Specifically, Stewart was intrigued by SPG’s funds from operations figures (FFO). FFO adds such items as amortization and depreciation back into net income. He estimates that SPG executives’ planned $200 million stock repurchase will add some 3 cents per share in 2008. As informative as it may be, this sort of complex trading theorem is far too unwieldy for that sacred acreage above the fold.

So, too, was the news that one of the nation’s largest owners of office and retail property, Vornado Realty Trust (VNO: NYSE), beat second-quarter estimates for its own FFO by nearly 5%. In point of fact, Wall Street had been expecting this critical measurement of a REIT’s health would lose ground. Instead, VNO managed to move its FFO from $1.49 to $1.72 per share.

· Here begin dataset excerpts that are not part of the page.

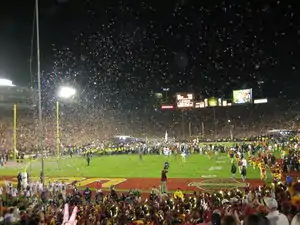 Confetti falls down on the Rose Bowl field after the victory of the Longhorns against the Trojans at the 2006 Rose Bowl, which was played on the Fourth of January, 2006, (NCAA game), part of its post-game celebration.
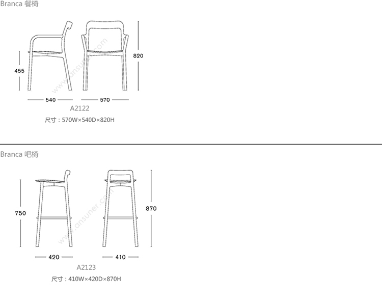 Branca 系列尺寸/示意图
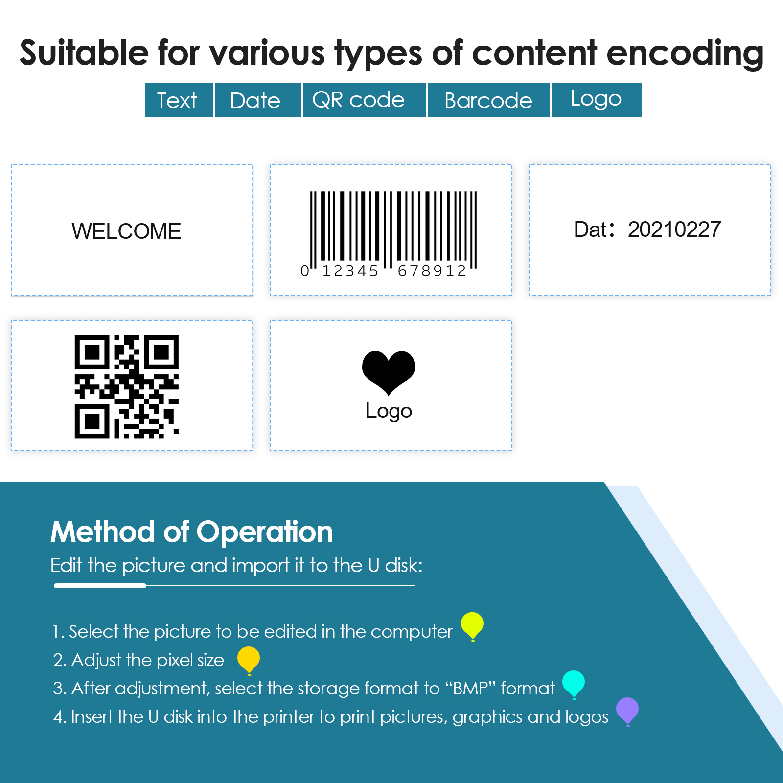 1. Портативный портативный принтер (PT2000) подходит для печати текста, этикеток, цифровой печати, qr-кода, штрих-кода, даты производства, времени, логотипов и т. д. Используя высокое разрешение, Быстросохнущий Черный чернильный картридж, печать чрезвычайно чистая. Этот ручной принтер может печатать на различных материалах и отвечает различным требованиям для печати.
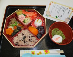 本日の献立は「赤飯、筑前煮、なすのオランダ煮、海老の艶煮、かぼちゃの天ぷら、ゆずなます、フルーツ、うさぎまんじゅう、茶そばすまし汁」でした。

Rounding out the recent news was a third major player in this arena, ProLogis’ (PLD: NYSE) announcement that its Q2 FFO is up a full 35%, beating estimates by more than 9%. What’s more, Prologis brags that, unlike the homebuilders with their massive multiyear inventory overhang, it foresees nothing but chronic inventory shortfalls and rapid occupancies ahead, leading it to raise its 2007 forecasts for FFO another 7%.

Fortunately for those of you who are witty enough to penetrate past the gory headlines, there is money to be made from this “wisdom gap.” Clearly, these REITs have been unfairly tarred by the name they share with builders like Hovnanian (HOV: NYSE) and Toll Brothers (TOL: NYSE).

This has created a stellar opportunity to pick up shares of either these individual REITs or an ETF bundling the same, such as the Dow Jones U.S. Real Estate Index Fund (IYR: AMEX) -- at a tremendous discount.

As I sit to write, the IYR is trading around $75 per share. We could easily see this ETF put on some $20 by the end of the year. Select deployment of call options could triple that 27% gain.